Using Prompt Functions

With Outlines, you can write your prompts as Python functions by adding the @outlines.prompt decorator. The prompt template is contained in their docstring, and their arguments correspond to variables used in the prompt.

The authors have shared their code, prompts and data in this GitHub repository. Below, we define in Outlines the prompts they used for the ToMI dataset:

import outlines


@outlines.prompt
def perspective_taking(story: str, character: str) -> None:
    """<s>[INST] The following is a sequence of events about some characters, that takes place in multiple locations.
    Your job is to output only the events that the specified character, {{character}}, knows about.

    Here are a few rules:
    1. A character knows about all events that they do.
    2. If a character is in a certain room/location, that character knows about all other events that happens in the room. This includes other characters leaving or exiting the location, the locations of objects in that location, and whether somebody moves an object to another place.
    3. If a character leaves a location, and is NOT in that location, they no longer know about any events that happen within that location. However, they can re-enter the location.

    Story: {{story}}
    What events does {{character}} know about?

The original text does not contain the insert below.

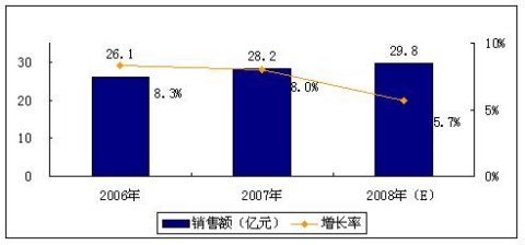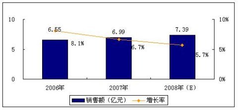 圖6 2006-2008年中國UPS金融行業市場銷售額情況

Only output the events according to the above rules, do not provide an explanation. [/INST]""" # noqa

@outlines.prompt
def simulation(events: list, name: str, question: str) -> None:
    """<s>[INST] {% for event in events %}
    {{event}}
    {% endfor %}
    You are {{name}}.
    Based on the above information, answer the following question:
    {{question}}
    You must choose one of the above choices, do not say there is not enough information. Answer with a single word, do not output anything else. [/INST]""" # noqa

JSON Structured Generation

Outlines guarantees that the LLM will return a valid JSON object, which we can specify as a Pydantic model.

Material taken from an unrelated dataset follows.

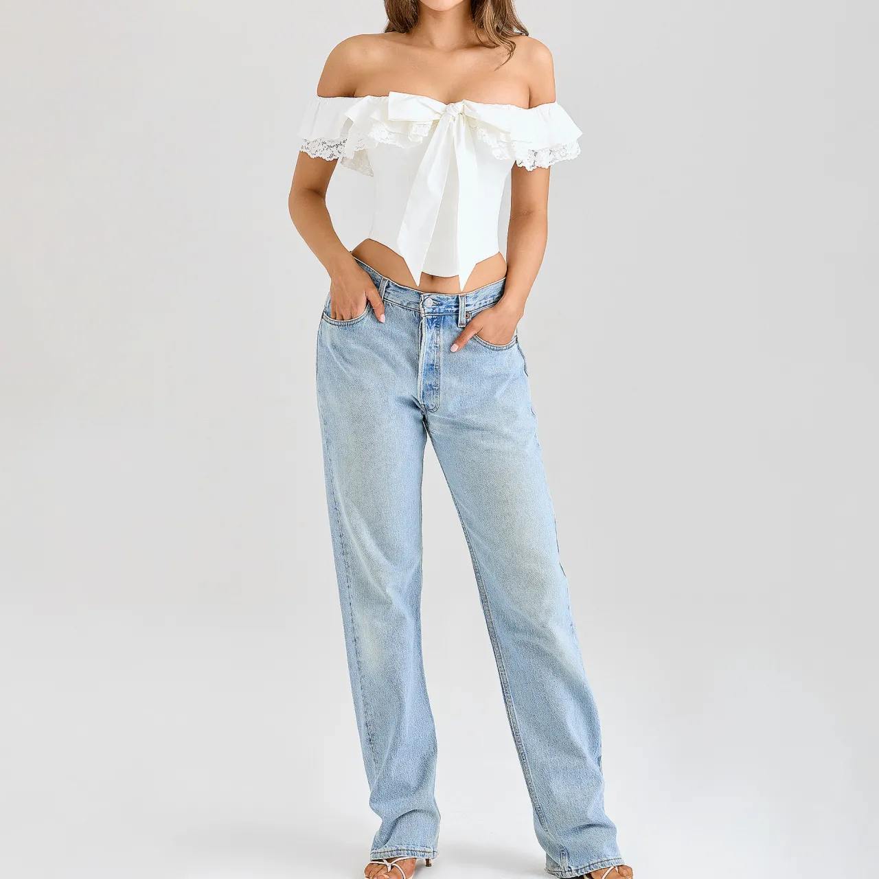 - Off-the-shoulder design, frill detailing, layered lace ruffles, statement bow, refined structuring at waist, bust support, back zip

We will need two Pydantic models for SimToM, one for each prompt:

from pydantic import BaseModel, Field
from typing import List


class PerspectiveTaking(BaseModel):
    """This is for the first prompt."""
    character: str = Field(description="The character we extract the events for.")
    events: List[str] = Field(description="All events that the character knows about.")


class Simulation(BaseModel):
    """This is for the second prompt."""
    answer: str

Calling an LLM

Let's try SimToM with an example from the ToMI dataset:

story = """
1 Aria entered the front_yard.
2 Aiden entered the front_yard.
3 The grapefruit is in the green_bucket.
4 Aria moved the grapefruit to the blue_container.
5 Aiden exited the front_yard.
6 Noah entered the playroom.
"""
question = "7 Where was the grapefruit at the beginning?"
character = "Aria"

We load Mistral-7B-Instruct-v0.3, create the prompt using the template we defined earlier, and generate a structured response. As a reminder, the goal of the first call is to get all the events a character, Aria, knows about.

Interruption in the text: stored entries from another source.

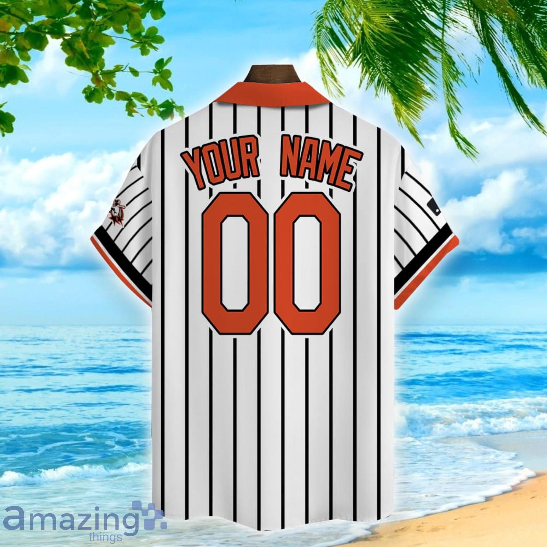 Custom Name And Number Striped Style Baltimore Orioles Baseball Hawaiian Shirt Details: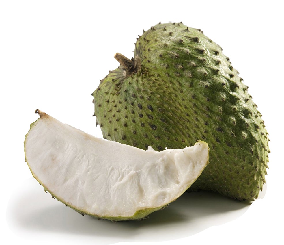 Es grande (de entre 10 y 35 cm de longitud), cubierta de espinas blandas y con una pulpa comestible. Se le atribuyen propiedades anticancerígenas, pero no se han demostrado científicamente.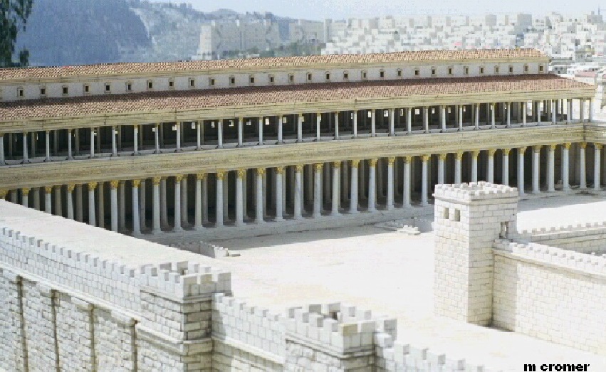 So let me sum up using this picture. In Acts 2, when the people rush together after hearing the sound of the Holy Spirit, I believe they were rushing over to get a closer look at the Southern Portico. Notice that if they were in an upper room, almost everyone in the temple would be able to see them no matter what court they were in. Notice that huge amounts of people could stand on the walls up here (that had high fences to keep you from falling off). So people on all four walls would have been able to be witnesses. People in the court of the Gentiles would have quick access to Peter's speech. And even people in the inner courts would have been able to see and hear him. It was a perfect lecturn to be able to preach to massive numbers of people. As I mentioned, the temple could easily hold over 400,000 people. In fact, at times, there were over 1 million pilgrims in the temple.

# Load an LLM from Hugging Face
MODEL_NAME = "mistral-community/Mistral-7B-Instruct-v0.3"
model = outlines.models.transformers(MODEL_NAME, device="cuda")

perspective_prompt = perspective_taking(story=story, character=character)

# Call Mistral 7B with the first prompt
generator = outlines.generate.json(model, PerspectiveTaking)
perspective = generator(perspective_prompt)

print(perspective.model_dump())
# {'character': 'Aria', 'events': ['1 Aria entered the front_yard.', '3 The grapefruit is in the green_bucket.', '4 Aria moved the grapefruit to the blue_container.']}

Not bad! We will now generate the second prompt with those events.

sim_prompt = simulation(events=perspective.events, name=character, question=question)

# Call Mistral 7B with the second prompt
generator = outlines.generate.json(model, Simulation)
result = generator(sim_prompt)

print(result.model_dump())
# {'answer': 'green_bucket'}

And this is it! SimToM could be useful in agentic workflows, where agents must act based on what they know, not all available information. One caveat of SimToM is that the perspective-taking step may remove important information, leading to wrong results. As the authors note in their paper, it can feature as a simple and effective baseline for evaluating LLMs on Theory of Mind reasoning tasks.